Monday, September 11, 2017

Conspiracies, Corruption and Climate


In the wake of Hurricane Harvey, the head of Der  Trumpenführer's EPA said that it was "insensitive" to discuss climate change - and that was before the damage wrought by hurricane Irma.  Then, of course right wing blow hard Rush Limbaugh said that hurricanes were a "liberal conspiracy" - before he evacuated his very ample ass out of south Florida.  Indeed, almost everywhere on the right side of the political spectrum, one sees denial of climate changes reality and even any admission that warming temperatures and oceans are perhaps making storms more fearsome than in the past.  Why? Here's what  Leonard Pitts noted in a recent Miami Herald column:
So conservatives pretend science is somehow suspect when it says the planet is warming because of fossil fuels. And we should accept it as just — What? Coincidence? — that the fossil fuels industry donated $55.1 million to the Republicans in 2016 alone?

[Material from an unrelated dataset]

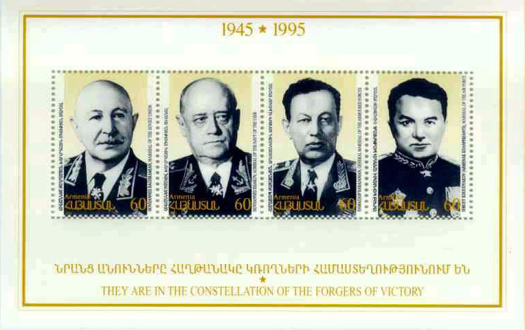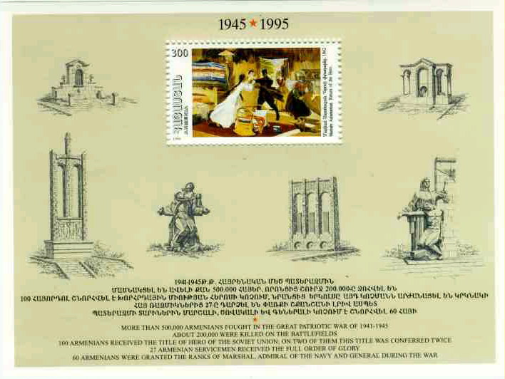 On May 9, 1995 Armenia, along with many other countries of the world, celebrated the 50th anniversary of the termination of the Great Patriotic War. More than 500.000 Armenians have fought in that war, 200.000 of which never returned home. One hundred Armenian servicemen have become Heroes of the Soviet Union, two of these have received the honour twice. Twenty seven Armenians have been endowed with the full Order of Glory. Sixty Armenians have received the ranks of a general, admiral or marshal during the war.

Once upon a time, the GOP and Republicans prided themselves on being the party of science, education and knowledge.  Then came the rise of the Christofascists - typically the least educated and most inclined to ignore objective reality - within the Party base.  Now what we see is grumblings about conspiracies and even the lunacy of blaming natural disasters on gays (I would counter, perhaps Trump voting states are being punished if god is so vengeful).  A column in the New York Times looks at the insane asylum that has become the Republican Party and the right wing political sphere. Here are excerpts:
After the devastation wreaked by Harvey on Houston — devastation that was right in line with meteorologists’ predictions — you might have expected everyone to take heed when the same experts warned about the danger posed by Hurricane Irma. But you would have been wrong.
On Tuesday, Rush Limbaugh accused weather scientists of inventing Irma’s threat for political and financial reasons: “There is a desire to advance this climate change agenda, and hurricanes are one of the fastest and best ways to do it,” he declared, adding that “fear and panic” help sell batteries, bottled water, and TV advertising.
He evacuated his Palm Beach mansion soon afterward.
In a way, we should be grateful to Limbaugh for at least raising the subject of climate change and its relationship to hurricanes, if only because it’s a topic the Trump administration is trying desperately to avoid. For example, Scott Pruitt, the pollution- and polluter-friendly head of the Environmental Protection Agency, says that now is not the time to bring up the subject — that doing so is “insensitive” to the people of Florida. Needless to say, for people like Pruitt there will never be a good time to talk about climate.
So what should we learn from Limbaugh’s outburst? Well, he’s a terrible person — but we knew that already. The important point is that he’s not an outlier. True, there weren’t many other influential people specifically rejecting warnings about Irma, but denying science while attacking scientists as politically motivated and venal is standard operating procedure on the American right. When Donald Trump declared climate change a “hoax,” he was just being an ordinary Republican.
And thanks to Trump’s electoral victory, know-nothing, anti-science conservatives are now running the U.S. government. . . . . Almost every senior figure in the Trump administration dealing with the environment or energy is both an establishment Republican and a denier of climate change and of scientific evidence in general. [T]here is, after all, an overwhelming scientific consensus that human activities are warming the planet. When conservative politicians and pundits challenge that consensus, they do so not on the basis of careful consideration of the evidence — come on, who are we kidding? — but by impugning the motives of thousands of scientists around the world. All of these scientists, they insist, motivated by peer pressure and financial rewards, are falsifying data and suppressing contrary views. This is crazy talk. But it’s utterly mainstream on the modern right . . . . Why are U.S. conservatives so willing to disbelieve science and buy into tinfoil-hat conspiracy theories about scientists? Part of the answer is that they’re engaged in projection: That’s the way things work in their world. . . . . there was a time when some conservative intellectuals had interesting, independent ideas. But those days are long past: Today’s right-wing intellectual universe, such as it is, is dominated by hired guns who are essentially propagandists rather than researchers.
And right-wing politicians harass and persecute actual researchers whose conclusions they don’t like — an effort that has been vastly empowered now that Trump is in power.
[C]onservatives have grown increasingly hostile to science in general. Surveys show a steady decline in conservatives’ trust in science since the 1970s, which is clearly politically motivated — it’s not as if science has stopped working. The bottom line is that we are now ruled by people who are completely alienated not just from the scientific community, but from the scientific idea — the notion that objective assessment of evidence is the way to understand the world. And this willful ignorance is deeply frightening. Indeed, it may end up destroying civilization.